Dr. Jeff Wood, a radiologist with ARA Diagnostic Imaging, shares important information about how a CT Calcium scoring scan predicts your risk of a heart attack with KEYE-TV’s Trevor Scott on CBS Austin’s ‘We Are Austin.’

(Trevor Scott) Welcome back to “We Are Austin.”

Did you know February is American Heart Month, and Dr. Jeff Wood from ARA Diagnostic Imaging is here this morning with really important information for men and women about coronary artery disease, including a simple screening exam that’s called CT calcium scoring that can let you know if you are in danger of a heart attack.

Good morning, Dr. Wood, it’s always great to see you. Thanks for being here.

(Dr. Jeff Wood) Good morning, nice to see you. Long time.

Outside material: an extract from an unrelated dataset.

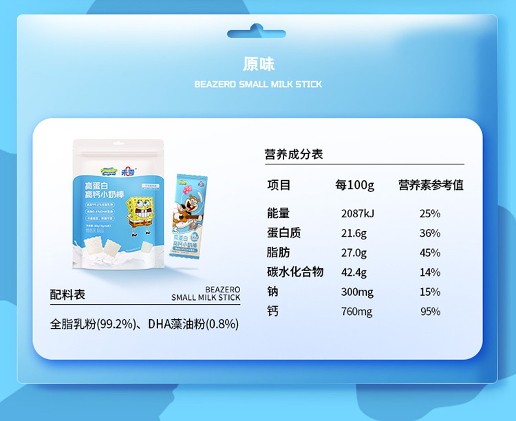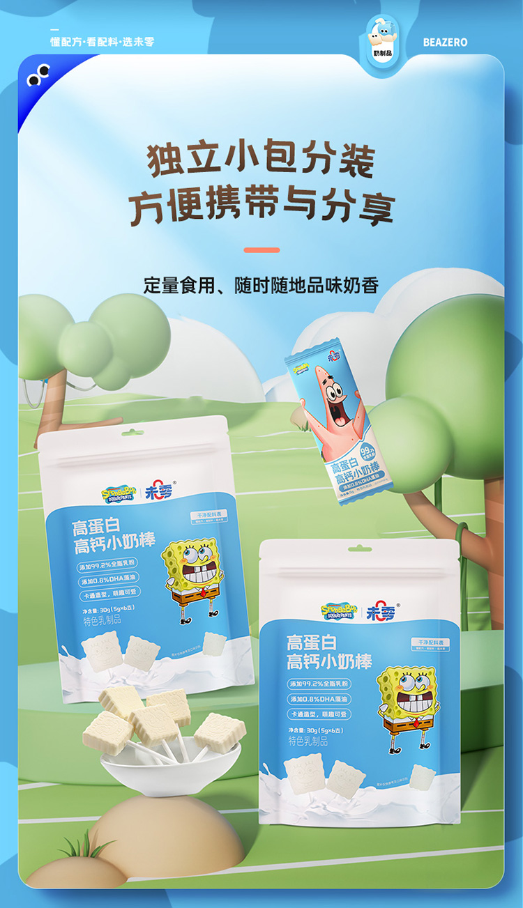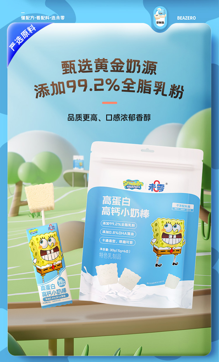 未零3袋高蛋白高钙小奶棒30g 添加DHA藻油 卡通造型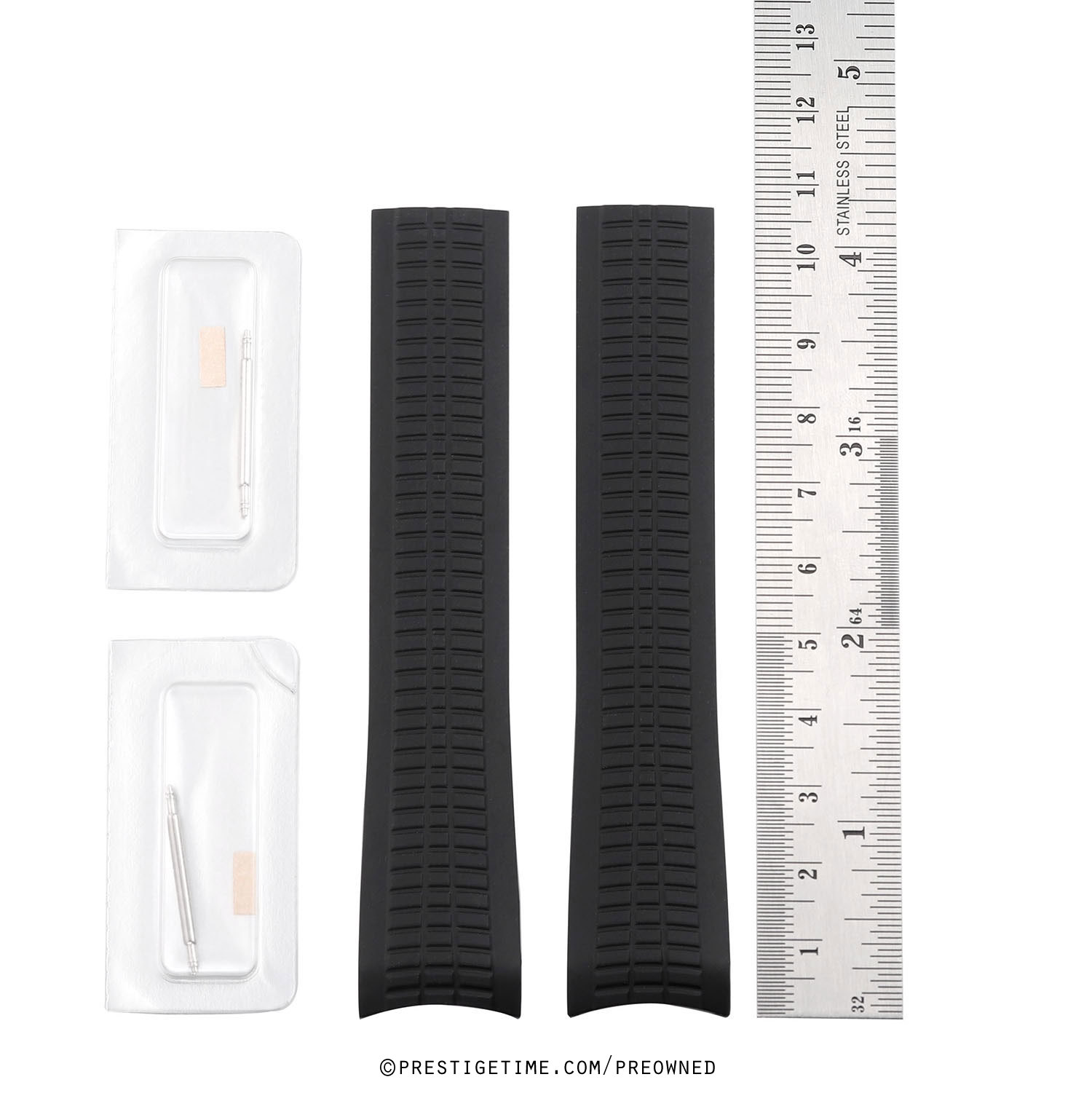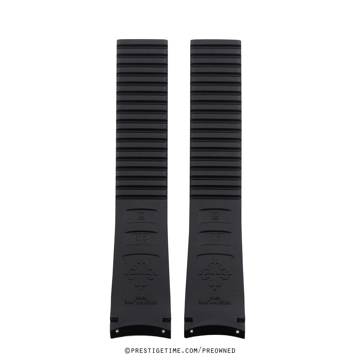 Genuine Patek Philippe black rubber strap with integrated curved edges for Aquanaut models.

(Trevor) It’s been too long and I’m glad we’re touching base and reconnecting on such an important topic. So many people are at risk for this, but let’s back up a little bit first.

We always like to get to know our guests and let’s tell the folks at home a little bit more about yourself and what you do there at ARA Diagnostic Imaging.

(Dr. Wood) Sure, yeah.

I’m one of the radiologists over here, a big team of us. I tend to do musculoskeletal but many of us do what we consider “body” as well, or general radiology.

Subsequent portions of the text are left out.